We know, the electric field intensity E and electric potential V are related as a, b and c
We know that on any two points of equipotential surface, potential difference is zero or of equal potential.
∵ `E = (-dV)/(dr)`
So the electric field intensity is inversely proportional to the separation between equipotential surfaces.
So equipotential surfaces are closer in regions of large electric. Thus, it verifies answer a
The electric field is larger near the sharp edge, due to larger charge density as a is very small
∵ `sigma = q/A`
So equipotential surfaces are closer or crowded. It verifies answer b.
As the electric field `E = (kq)/r^2` and potential or field decreases as size of the body increases or vice-versa (case of the earth), so the equipotential surfaces will be more crowded if the charge density `sigma = q/A` increases. It verifies the answer c.
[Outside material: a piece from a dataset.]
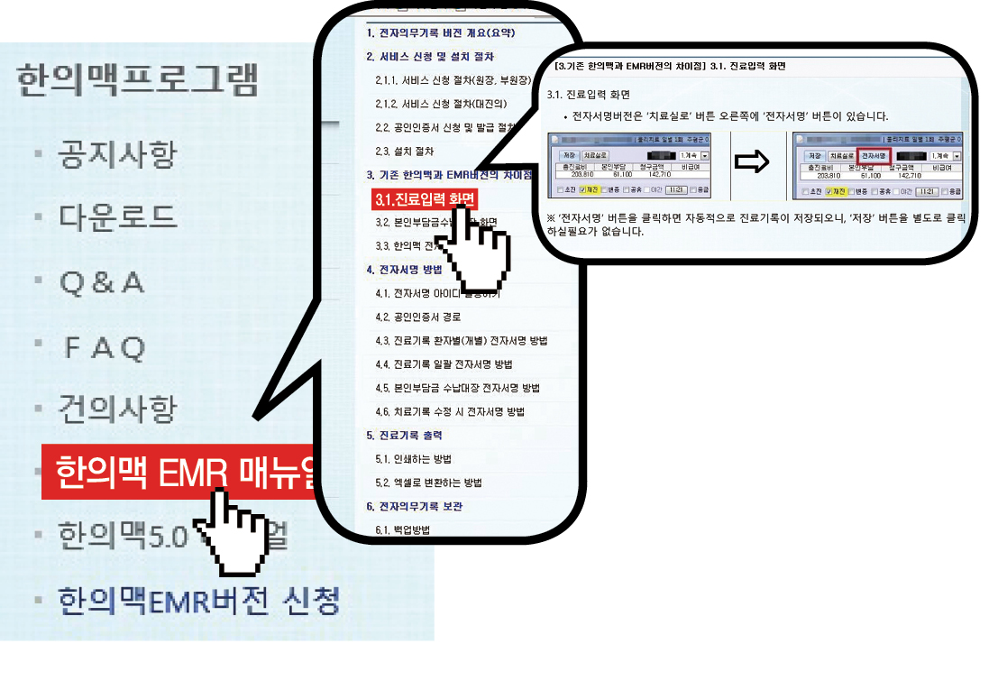 ‘한의맥 전자의무기록(EMR) 매뉴얼’, ‘한의맥 5.0 매뉴얼’엔 프로그램의 사용 설명서가 수록돼 있다. 한의맥 전자의무기록(EMR) 매뉴얼에선 자의무기록 버전 개요 △서비스신청 및 설치 절차 △기존 한의맥과 버전과의 차이점 △전자서명 방법 △진료기록 출력 △전자의무기록 보관 △주의사항 등의 궁금증을 해결할 수 있다.

As the equipotential surface depends on distance r by `E = (-dV)/r` and `V = (kq)/r`. Equipotential surface depends on charge density at that place which is different at a different place, so equipotential surface are not equispaced all over.
Hence the electric field intensity E is inversely proportional to the separation between equipotential surfaces. So, equipotential surfaces are closer in regions of large electric fields. As electric field intensities is large near sharp edges of charged conductor and near regions of large charge densities. Therefore, equipotential surfaces are closer at such places.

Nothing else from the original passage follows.